[DATA — start]

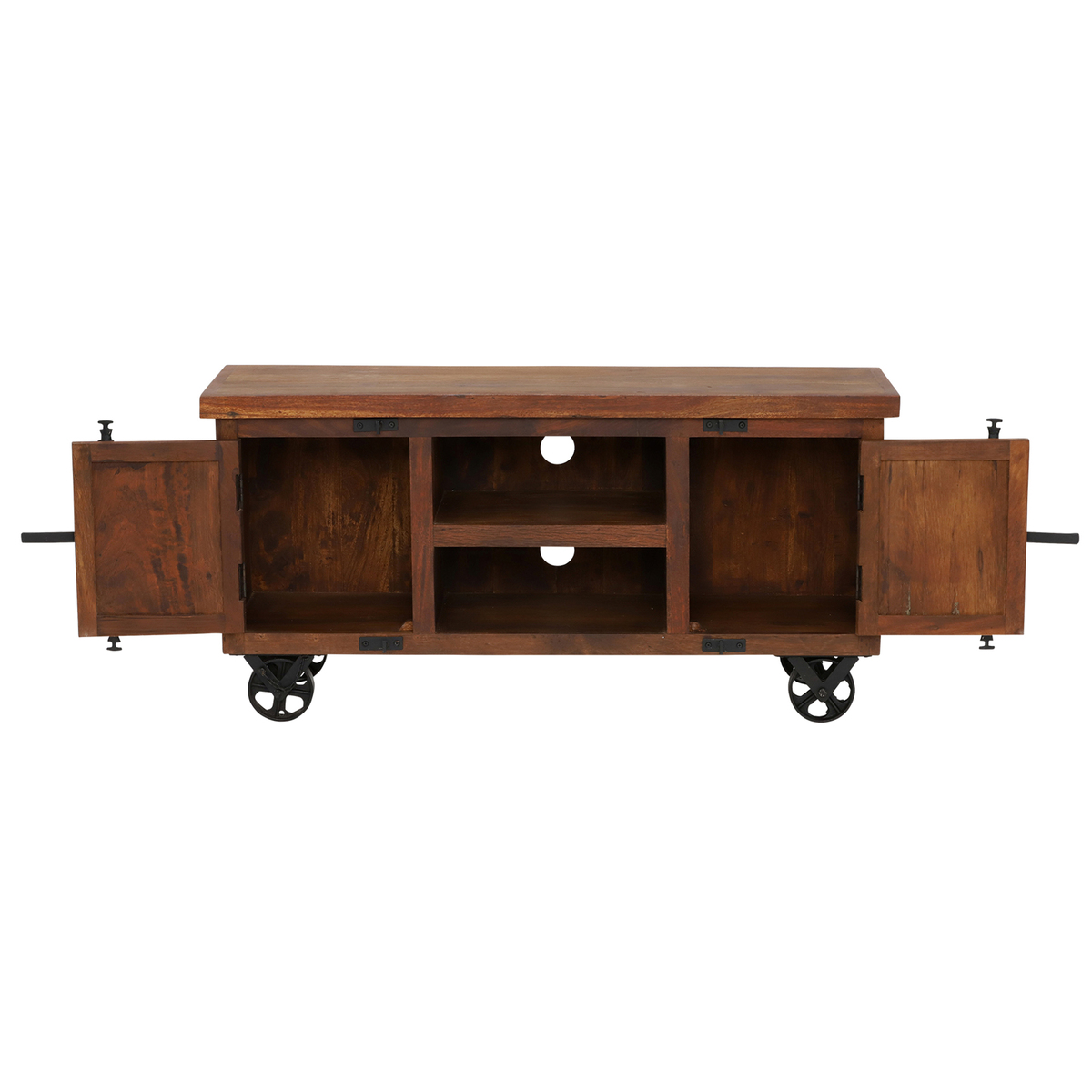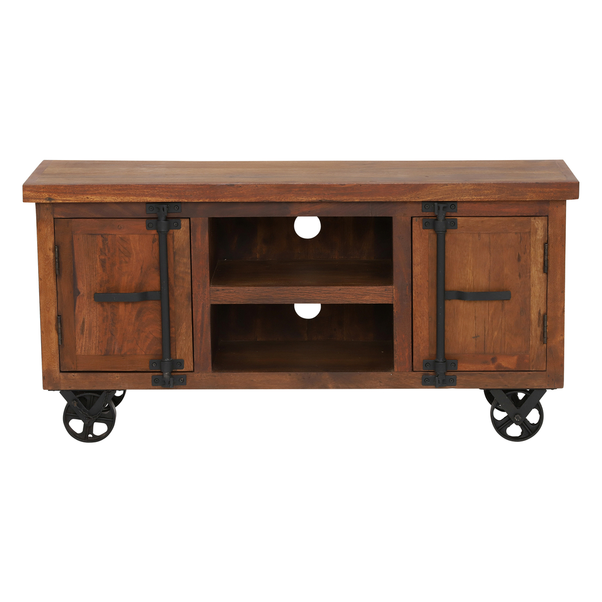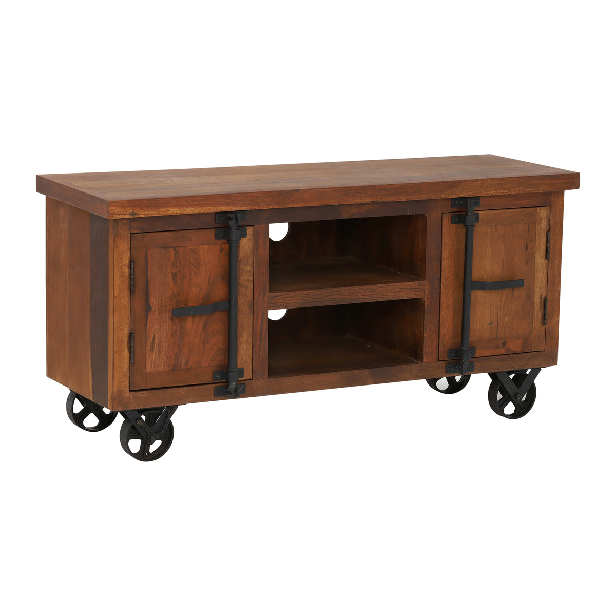 Little Tree Furniture Hyatt Reclaimed Wood TV Unit on Wheels, Dark Finish
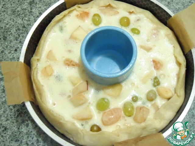 Залить фрукты яично-сметанной смесью. Края теста слегка загнуть во внутрь.
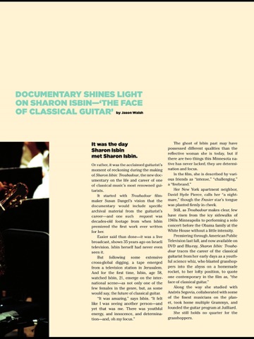 Classical Guitar is a quarterly magazine devoted to all aspects of music played on nylon-string guitars. Stories include profiles of prominent players, composers, and guitar-makers; articles about the rich history of the instrument, from Baroque times to the present; practical tips about playing and performing; reviews of classical-guitar concerts, CDs, and sheet music; relevant news and information about guitar festivals, competitions and societies; new guitars and other products; guitar reviews.
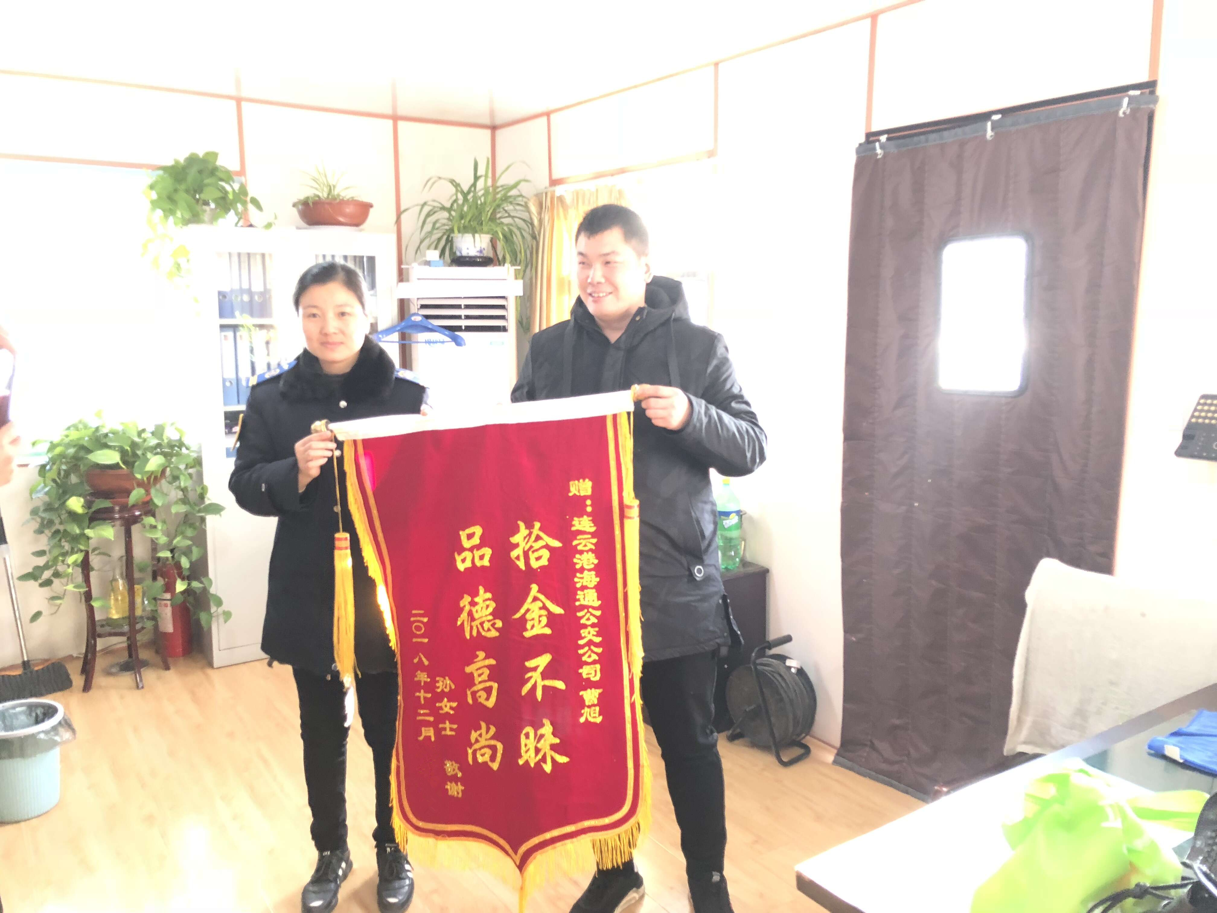 近日,公交集团公交事业一部办公室来了两位特殊的客人,他们替自己的姐姐送来了一面印有“拾金不昧、品德高尚”烫金大字的锦旗,表达对19路驾驶员曹旭师傅拾金不昧的感激之情。

[DATA — finish]

Pictures stay out of the answer; the rest of the listing above is returned exactly.

> [RESULT OF THIS EXERCISE]
 Little Tree Furniture Hyatt Reclaimed Wood TV Unit on Wheels, Dark Finish
 Залить фрукты яично-сметанной смесью. Края теста слегка загнуть во внутрь.
 Classical Guitar is a quarterly magazine devoted to all aspects of music played on nylon-string guitars. Stories include profiles of prominent players, composers, and guitar-makers; articles about the rich history of the instrument, from Baroque times to the present; practical tips about playing and performing; reviews of classical-guitar concerts, CDs, and sheet music; relevant news and information about guitar festivals, competitions and societies; new guitars and other products; guitar reviews.
 近日,公交集团公交事业一部办公室来了两位特殊的客人,他们替自己的姐姐送来了一面印有“拾金不昧、品德高尚”烫金大字的锦旗,表达对19路驾驶员曹旭师傅拾金不昧的感激之情。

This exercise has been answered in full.